CassaRoc turned. "Knew her. She died when you arrived here, Teldin."

Teldin said nothing.

CassaRoc gave Na'Shee the necklace, while Stardawn and Djan looked through the chest. CassaRoc waved his sword around. "What is this place?" he asked.

"I don't know," Teldin said. "It looks like someone has been staying here." He picked up one of the bones on the floor. "I don't like their eating habits, though. This is a human bone."

They all heard them then, closing in from the intersecting tunnels. The gold and silver and jewels were forgotten in the rush to bring weapons to bear, to arrange themselves defensively in a circle as their assailants shambled in from the tunnels around them.

"The undead," CassaRoc announced.

The warriors were quickly surrounded by a score of the undead. Most were human; two were elves, and three were halflings. Some bore swords and daggers, ready to use them, albeit awkwardly, with a semblance of living memory. Most just stared hungrily at the intruders, ready to kill by tooth and jagged bone.

'

"This was a trap," Na'Shee said. "We were suckered in." Then one shape stepped from the farthest tunnel and stood in the entrance. Its teeth gleamed wickedly in the yellow light as it hissed with sadistic laughter. Its fur was mottled with blood, with the colors of the spectrum layered in dizzying patterns across its obscene body. An intricate series of circles was painted on its forehead.

"Trapped," the undead Coh said, snapping at them with his sharp yellow teeth. "Compliments of the Fool."

The zombie neogi turned then and plunged into the surrounding wall of mist.

The undead swarmed upon them.

The living sliced their way through the ranks of the undead with incredible ferocity. CassaRoc swore constantly as his sword cleaved through bone and dead flesh, severing heads and arms without conscious thought. He recognized two of the zombies, his own warriors who had died protecting Teldin from the neogi hordes: Chel, who once owned the jewel-studded necklace, and Gar, a fighter and merchant from the open market. He grimaced and killed them as mercifully as he could, staring at their long-dead faces as they lay together on the floor. "Sorry, my friends," he said.

Na'Shee left her crossbow hung at her waist and depended instead on the swiftness of her steel. She cut a swath through the undead forces, then spun around and came back, finishing off those who were still mobile with clean thrusts into their soft skulls or necks. When she was finished, she looked upon their peaceful faces and realized that she had sent friends of hers to their final, true deaths: K'aald, once a guard of Cassa-Roc's, and Jenn, from the Academy of Human Knowledge.

Na'Shee looked up and saw CassaRoc staring at his own dead compatriots on the floor, and wondered if undeath would happen to her as it had to their friends,… if the Fool were successful in his plans.

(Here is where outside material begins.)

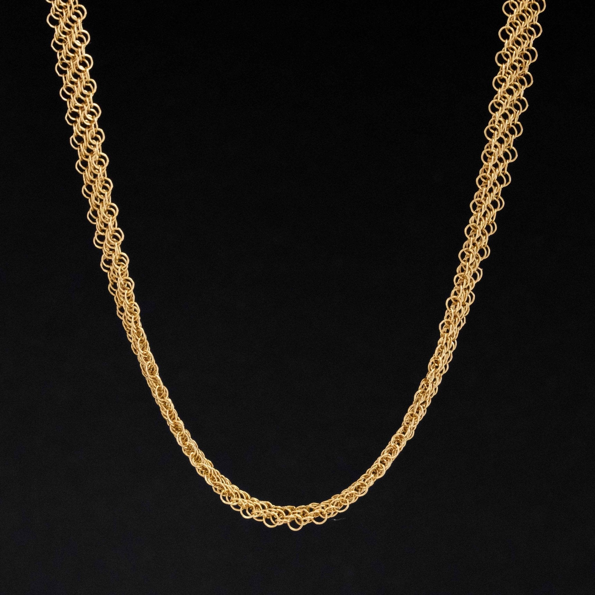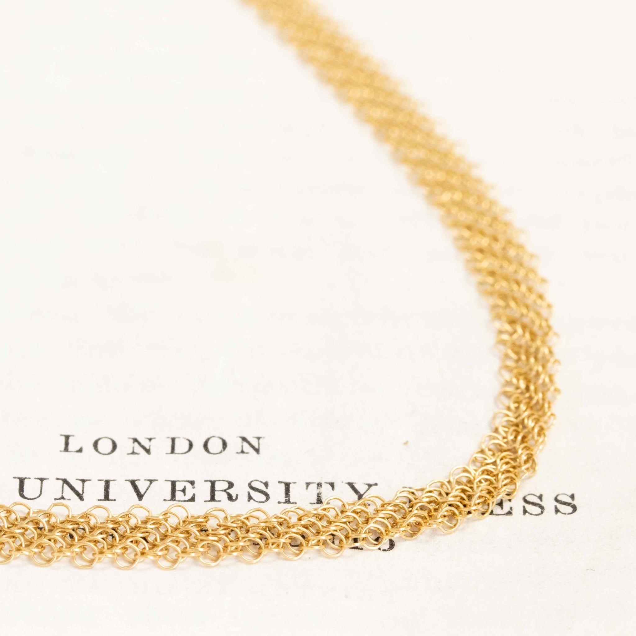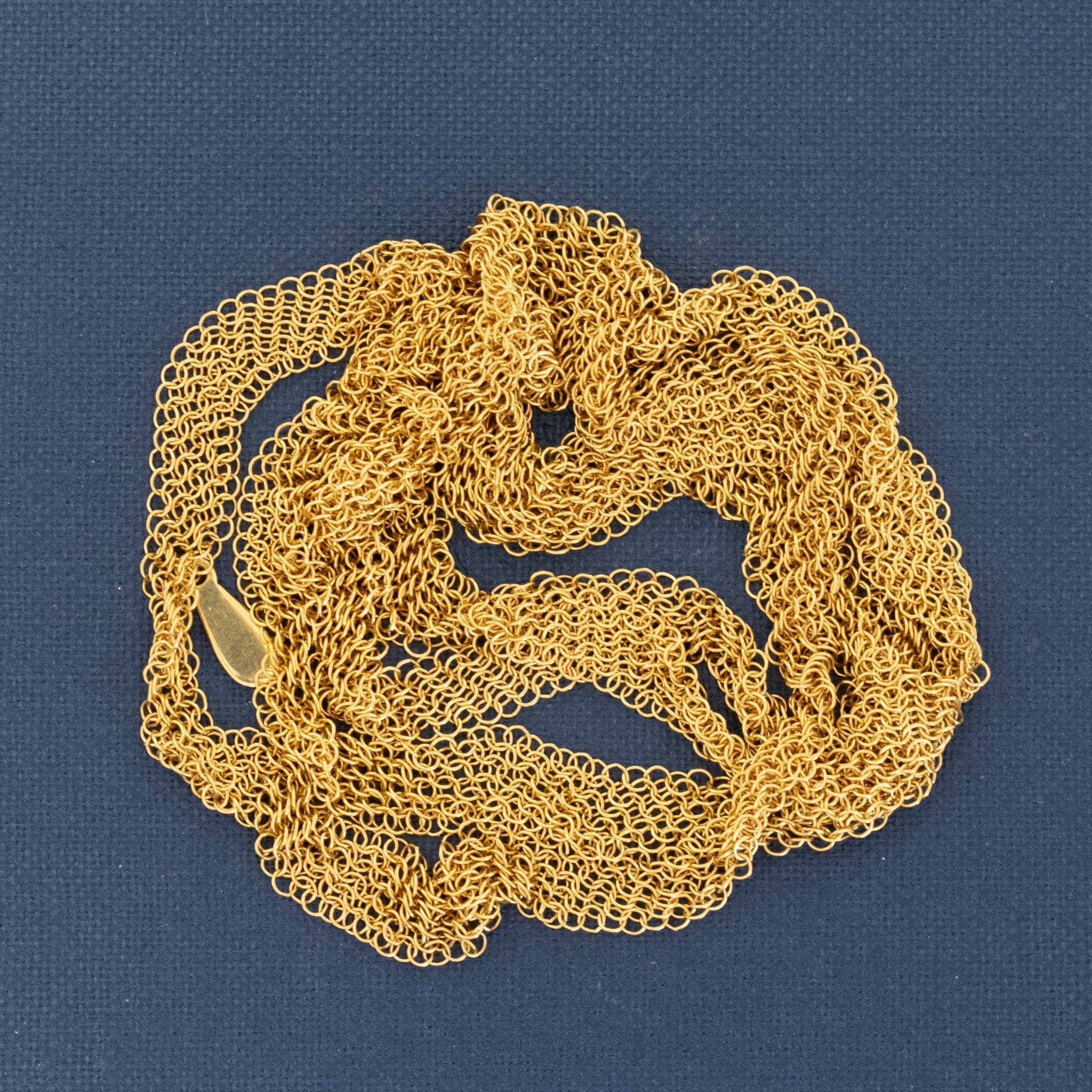 One of the most unique chains from designer Elsa Peretti, a sinuous and luscious mesh of 18kt yellow gold crafted so intricately that is lays and moves like silk. Perfect to wear as-is, or even wear doubled up. Maybe also be strung around a pendant (maybe the open heart pendant?).

Djan was attacked by seven undead, who grappled with him and tore his sword from his hands. Stardawn saw the half-elfs plight and dispatched his own assailants with relative ease. He picked up an axe from the stack of weapons by the treasure chest and leaped into the fight, chopping through spinal columns and skulls as though they were made of twigs. Djan finally picked up his sword and, back to back, he and Stardawn fought off the zombies until most of the undead were a heap of bloody limbs jumbled at their feet.

Stardawn's last assailant was particularly strong and single-minded, virtually ignoring Stardawn's blows as one would the sting of a gnat. The elf was pressed against the wall, and the zombie's fetid hand was reaching for his neck when Stardawn realized that physical force would not be enough to finish the creature off. As the undead's fingers closed around his flesh, Stardawn whispered an ancient elven spell. The zombie's eyes rolled back in surprise. Within seconds, it loosened its grip on the elf as its body shook with a thin, papery rustling sound. The undead screamed once, and it fell to the floor in a cloud of black dust, decomposed instantly from the inside.